What happened

Shares of Avid Bioservices (NASDAQ:CDMO), a provider of contract development and manufacturing services for biopharma companies, had risen 10% as of 12:20 p.m. EST on Tuesday. The double-digit move is a response to the release of results from the third quarter of fiscal 2019.

So what

Here are the headline numbers from the period:

  • Revenue more than doubled to $13.78 million. This was slightly ahead of what Wall Street had expected.
  • Backlog at quarter's end was $43 million.
  • Gross margin was 15% for the quarter, which is a significant improvement from the negative 61% reported in the year-ago period. 
  • Non-GAAP (generally accepted accounting principles) net loss was $1.1 million, or $0.05 per share. That was much lower than the $0.23 loss in the year-ago period and compared favorably to the $0.07 loss that Wall Street expected.
  • Cash balance at quarter end was $27.8 million.

Management also tweaked its revenue guidance for the year, stating that it now expects to end within the "lower half" of its range of $51 million to $55 million. For context, Wall Street was expecting $52.8 million in revenue for the year.

BUsiness man looking at pile of money with magnifying glass

Image source: Getty Images.

Traders appear to be squarely focused on the better-than-expected quarterly results and are shaking off the weak guidance.

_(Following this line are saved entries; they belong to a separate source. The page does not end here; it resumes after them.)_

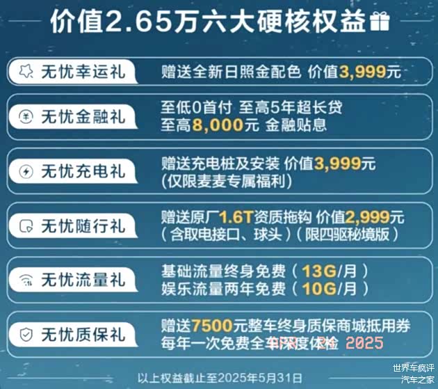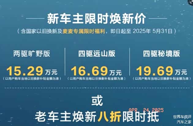 这次全新深蓝G318在各方面的升级还是挺大的,不仅有着强大的越野通过能力,还兼顾着更好的驾乘舒适性,并且这次它的价格政策非常给力,拥有老车主焕新八折限时抵,起步价15.29万,四驱顶配仅19.69万,还有2.65万六大硬核权益,像全新日照金车身配色都是免费送。
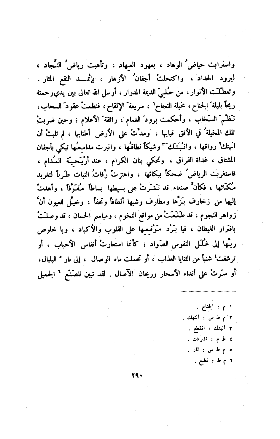 واسترابت حياض الوهاد، بعهود العهاد، وتأهبت رياض النجاد، لبرود الحداد، واكتحلت أجفان الأزهار، بإثمد النقع المثار، وتعطلت الأنوار، من حلي الديمة المدرار، أرسل الله تعالى بين يدي رحمته ريحاً بليلة النجاح، سريعة الإلقاح، فنظمت عقود السحاب، نظم السخاب، وأحكمت برود الغمام، رائقة الأعلام؛ وحين ضربت تلك المخيلة في الأفق قبابها، ومدت على الأرض أطنابها، لم تلبث أن انهتك رواقها، وانبتك وشيكاً نطاقها، وانبرت مدامعها تبكي بأجفان المشتاق، غداة الفراق، وتحكي بنان الكرام، عند أريحية المدام، فاستغربت الرياض ضحكاً ببكائها، واهتزت رفات النبات طرباً لتغريد مكائها، فكأن صنعاء قد نشرت على بسيطها بساطاً مفوفاً، وأهدت إليها من زخارف بزها ومطارف وشيهاً ألطافاً وتحفاً، وخيل للعيون أن زواهر النجوم، قد طلعت من مواقع التخوم، ومباسم الحسان، قد وصلت بافترار الغيطان، فيا برد موقعها على القلوب والأكباد، ويا خلوص ريها إلى غلل النفوس الصواد؛ كأنما استعارت أنفاس الأحباب، أو ترشفت شنباً من الثنايا العذاب، أو تحملت ماء الوصال، إلى نار البلبال، أو سرت على أنداء الأسحار وريحان الآصال. لقد تبين للصنع الجميل
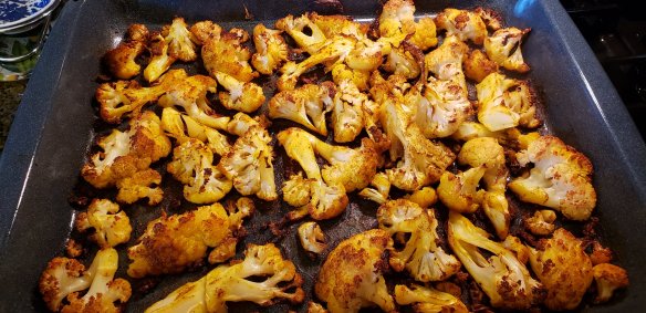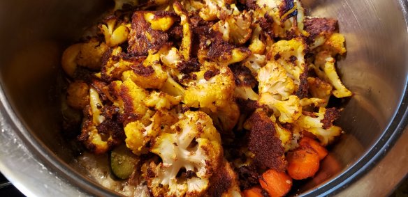 Roast the cauliflower and other veggies in 375F oven for 55 minutes or until nicely browned.
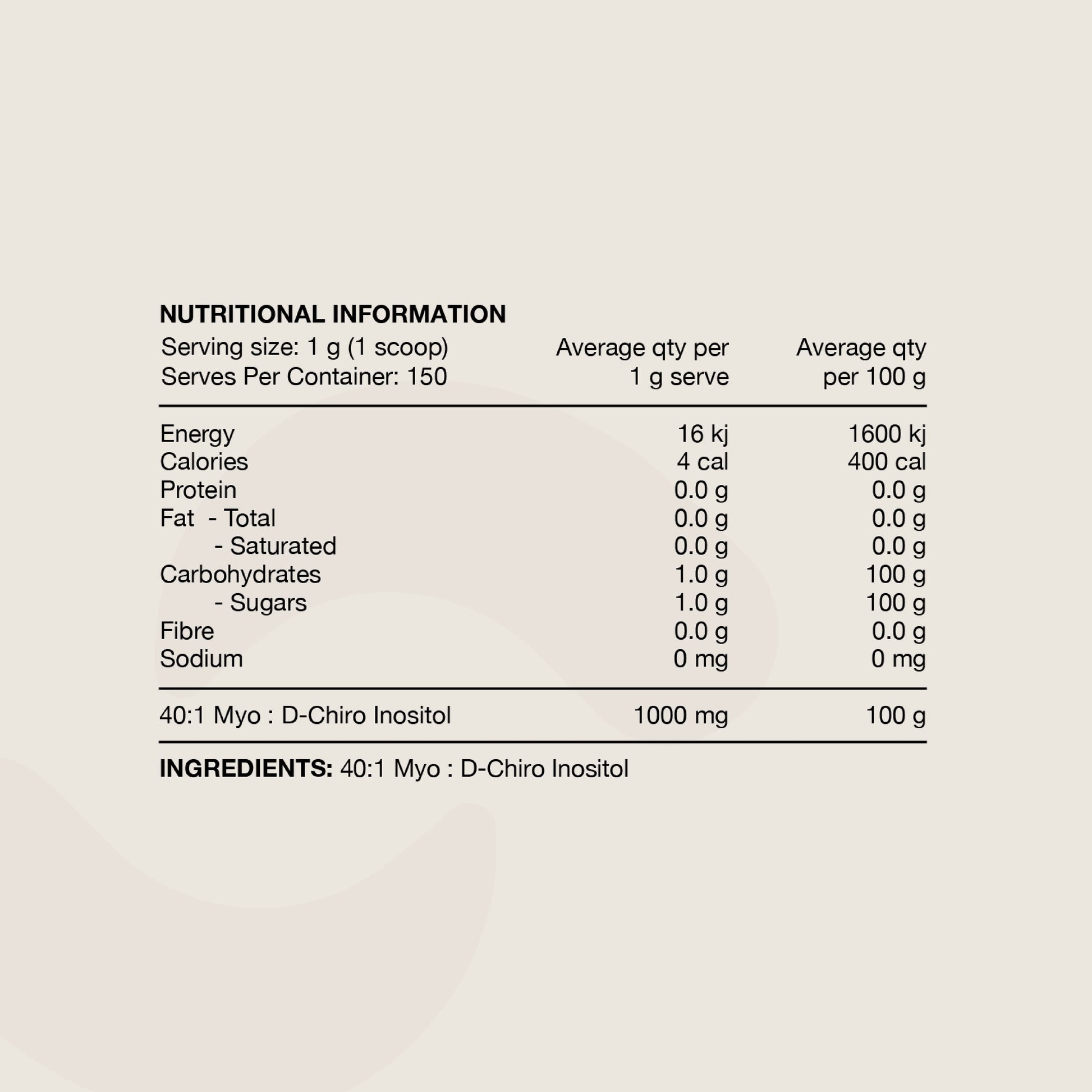 Our Inositol is a precise & validated 40:1 ratio of Myo-Inositol to D-Chiro Inositol.
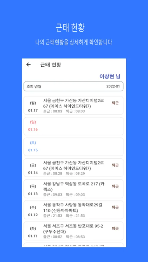 (주)윌두애서 제공하는 근태/급여 서비스애 대한 모바일 플렛폼 S/W입니다.
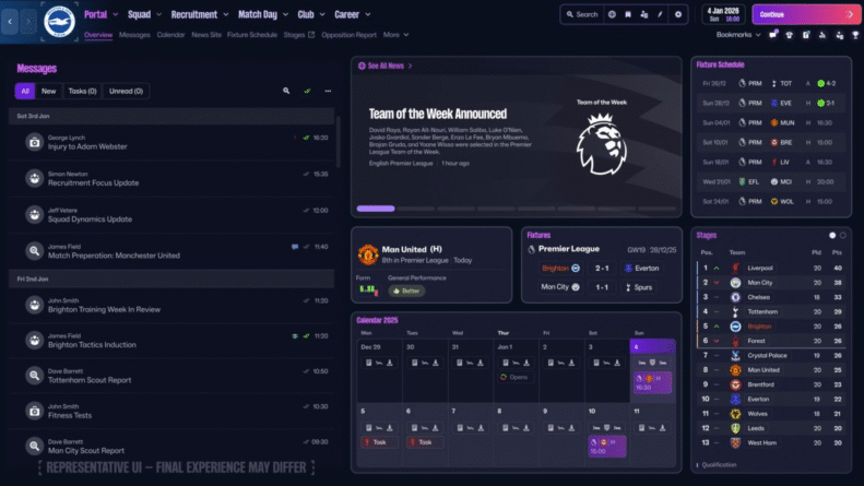 O menu principal agora será rebatizado de Portal e será altamente customizável pelo jogador. Agora, além de receber as principais notícias de seu interesse, será possível visualizar outros dados mais importantes, como datas de partidas, informações sobre atletas específicos, reports de times adversários e muito mais. Uma função de favoritar irá permitir um acesso mais rápido ao que lhe interessa, tornando a navegação em algo mais fácil e prazeroso.
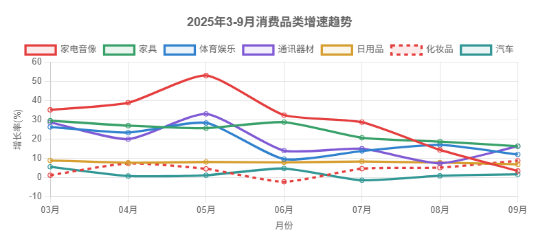 同时,国补也可能让消费者形成 “补贴依赖”,在非补贴时段的购买意愿显著下降。如家电音像类在9月增速骤降至3.3%,许多消费者会为了等待“双十一”的国补而推迟购买时间。
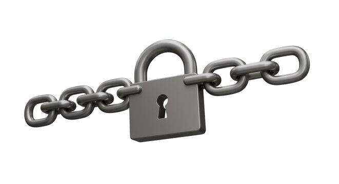 Isolated 3D Render of Silver Padlock and Chain Security Concept
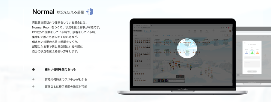 異世界空間以外で仕事をしている場合には、Normal Roomをつくり、状況を伝える事が可能です。 PC以外の作業をしている時や、接客をしている時、集中して誰とも話したくない時など、伝えたい状況の名前で部屋をつくり、部屋に入る事で異世界空間にいる仲間に自分の状況を伝える使い方をします。
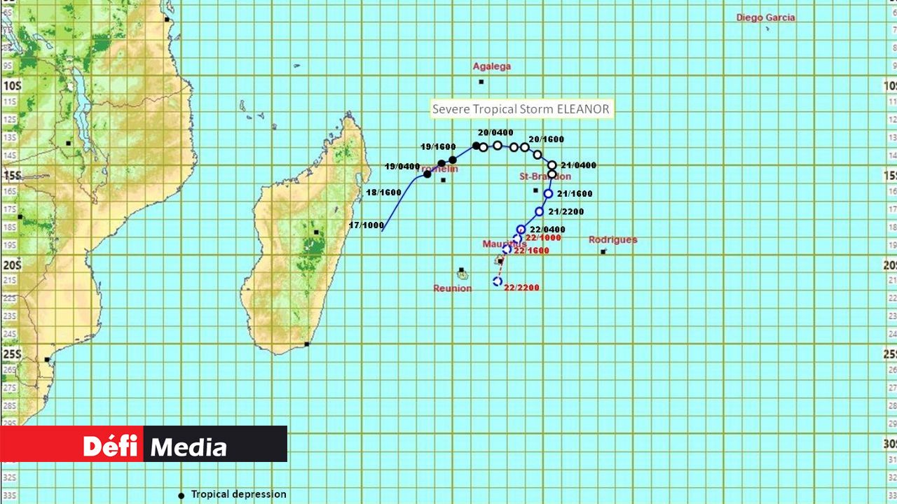 À 04 h 00, la forte tempête tropicale Eleanor était centrée à environ 200 km au nord-est de Maurice, soit autour du point 18.6 degrés sud en latitude et 58.8 degrés est en longitude. Eleanor se déplace dans une direction générale du sud-sud-ouest à une vitesse de 20 km/h. Sur cette trajectoire, Eleanor s'approche dangereusement de Maurice et représente une menace directe pour l'île, selon la station météo de Vacoas. Le rayon de vents forts pourrait traverser l'est de l'île vers la mi-journée. Il est aussi prévu qu’Eleanor passe près de la côte Est cet après-midi.
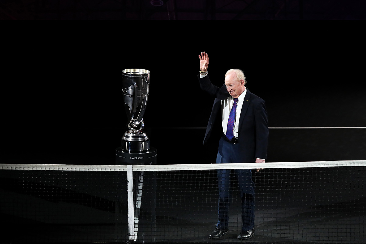 Rod Laver waves to the fans as he is introduced during Day One of the Laver Cup 2019 at Palexpo. Photo by Julian Finney/Getty Images for Laver Cup
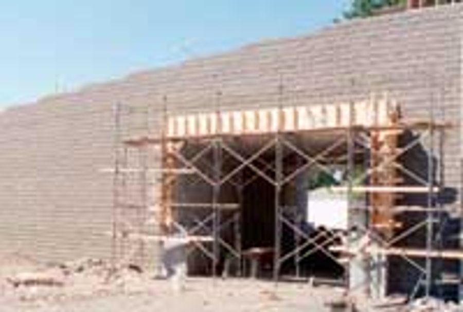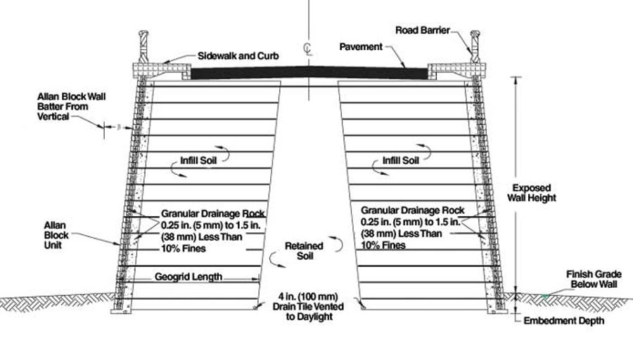 Prior to constructing the wall the top two courses of Allan Block were grouted together, the top course of geogrid reinforcement extended from one wall to the other, and the cap blocks were added to keep the step downs less than 6 in. (15 cm).

Check out the latest earnings call transcript for Avid Bioservices.

Now what

Avid's CEO Roger Lias nicely summarized the progress that has been made over the last year:

During the past 12 months we have significantly diversified our client base, thus reducing risk and building a pipeline of future manufacturing opportunities. We have built commercial and operational infrastructure to support growth, right-sized the organization, significantly cut costs, and increased capacity utilization resulting in improved margins. As a result, we are firmly on-track toward profitability and positive EBITDA.

Overall, revenue is rising, the backlog is growing, margins are heading in the right direction, and the net loss is shrinking. That's a lot of positive developments for investors to be excited about.

On the flip side, the company is still losing money, so this is still a risky business. However, there is a lot going right for this company right now, so I look forward to tracking this company's progress from the sidelines.